First, a thank you to all those who maintain the Monogame framework. It is a great framework.

Is there a limit to how many RenderTarget2Ds you can use or have in a game? I don’t want to box myself into a corner later in development. I remember reading something in the past about xbox limitations? I don’t see why there would be, it is just a child of Texture2D with IRenderTarget. The primary system this is for is PC but I might release on xbox or playstation.

Background on why:
My game has the ability for the player to design a lot of stuff. I have a texture merge process in my game. Rather than using GetData/SetData on textures, I merge textures in a RenderTarget2D once and cache that texture in the entities render component. This way all draws just simply draw one texture instead of layers. One draw loop might take a small hit to make a cached texture but all next draw loops after never have to deal with it.

I currently can render about 7000 entities and maintain 60fps with SynchronizeWithVerticalRetrace and IsFixedTimeStep set to true IN debug mode. Also collision detection is running, menus, AI logics and various other systems. Also this is all with an i5 with cpu graphics (I think 4400).

Thanks,
David

Maximum target count for using multiple-render-targets is generally what you need to worry about. Realistically you shouldn’t run out of render-targets without doing something really nuts, and if you did you’d just have to split up compositing to reuse targets.
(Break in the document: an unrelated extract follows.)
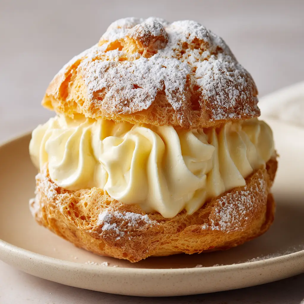 Master the art of Classic Cream Puffs with this step-by-step recipe. Featuring crisp, golden-brown choux pastry shells generously overstuffed with a thick, pale-yellow vanilla pastry cream and heavily dusted with fine white powdered sugar.
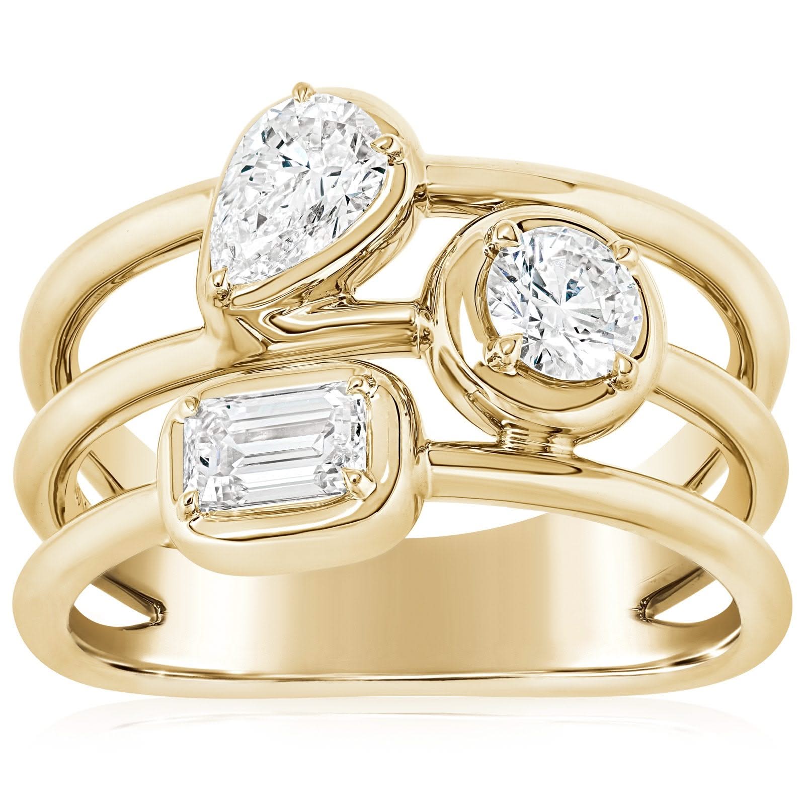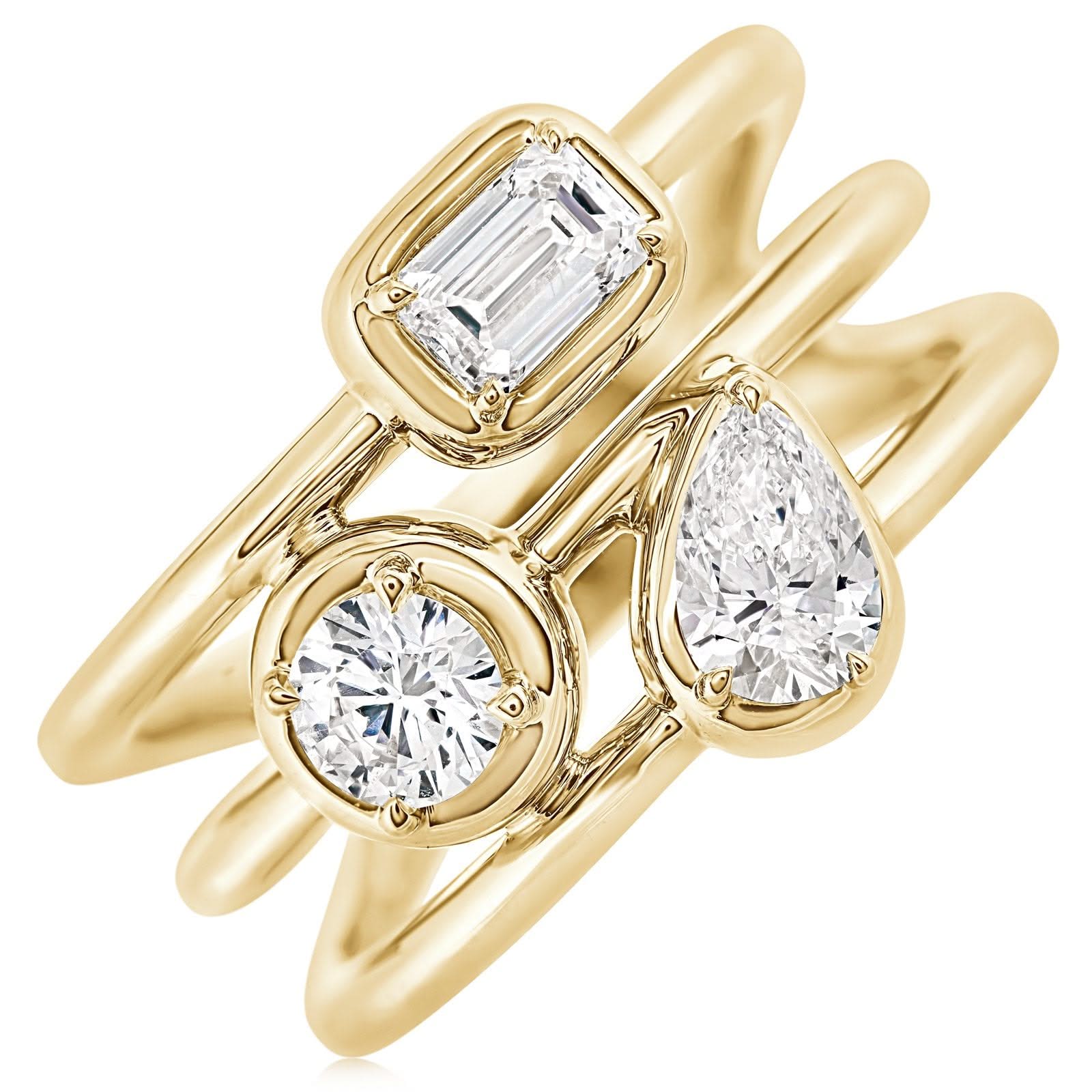 KWIAT 18K Gold Starry Night 3 Row Bezel Diamond Ring

IIRC there isn’t a fixed limit on render-targets, it’s just about how much VRAM you want to give to them.

Do be aware that using large render-targets for layers like you’re doing eats a lot of fill-rate. You’re pushing pixels for each target with whatever alpha overhead you already have for sprites, and then later pushing an entire render-target as what for practical purposes is a huge sprite.

It shouldn’t be a big deal unless you start pushing heaps of particle effects through on different layers - since overlapping particles chew fillrate. The budget that would go into shadow maps you put into layers.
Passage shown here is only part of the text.